*Collected data*.
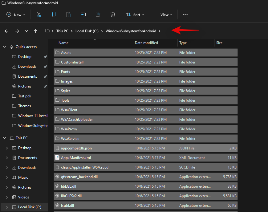 将所有选定的文件复制到我们之前创建的新“WindowsSubsystemForAndroid”文件夹中。
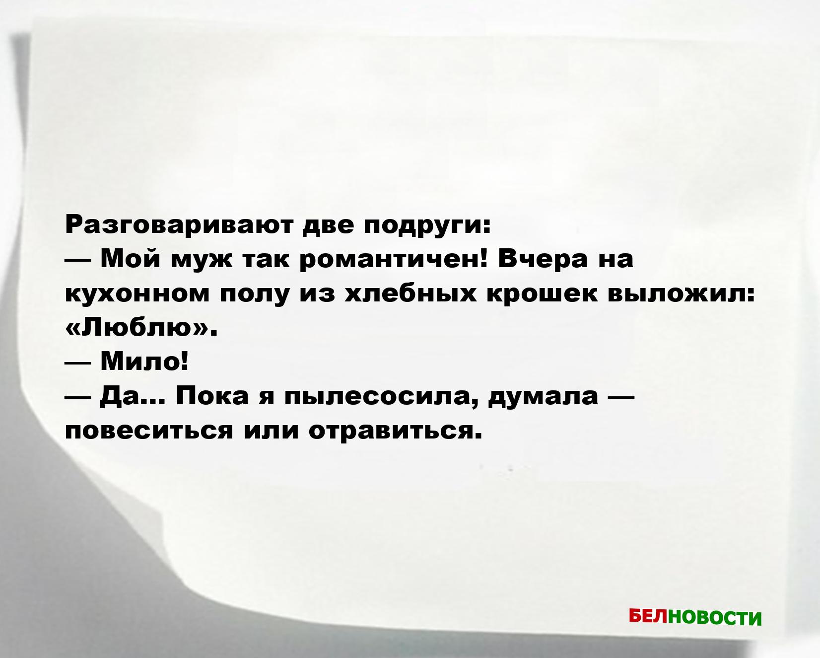 — Мой муж так романтичен! Вчера на кухонном полу из хлебных крошек выложил: «Люблю».
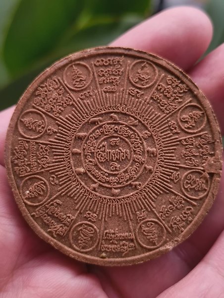 ชื่อพระเครื่อง ปฐมอรหันต์สุวรรณภูมิ 2547 เนื้อว่านไม้มงคล ธรรมจักร ไม่มีองค์พระ ขนาด5ซ.ม.
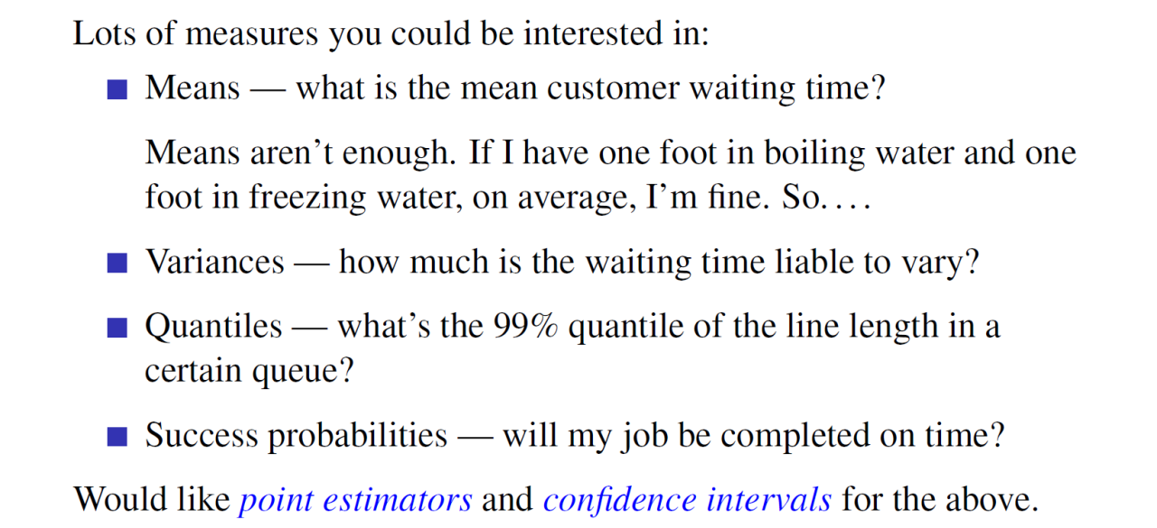 对随机输出结果进行分析的常用指标包括均值、方差、分位数等,同时我们也会使用点估计或是置信区间的方法来进行分析。

*Work instruction*.
Output a faithful copy of the data, with each picture left out.

*Answer space*.
 将所有选定的文件复制到我们之前创建的新“WindowsSubsystemForAndroid”文件夹中。
 — Мой муж так романтичен! Вчера на кухонном полу из хлебных крошек выложил: «Люблю».
 ชื่อพระเครื่อง ปฐมอรหันต์สุวรรณภูมิ 2547 เนื้อว่านไม้มงคล ธรรมจักร ไม่มีองค์พระ ขนาด5ซ.ม.
 对随机输出结果进行分析的常用指标包括均值、方差、分位数等,同时我们也会使用点估计或是置信区间的方法来进行分析。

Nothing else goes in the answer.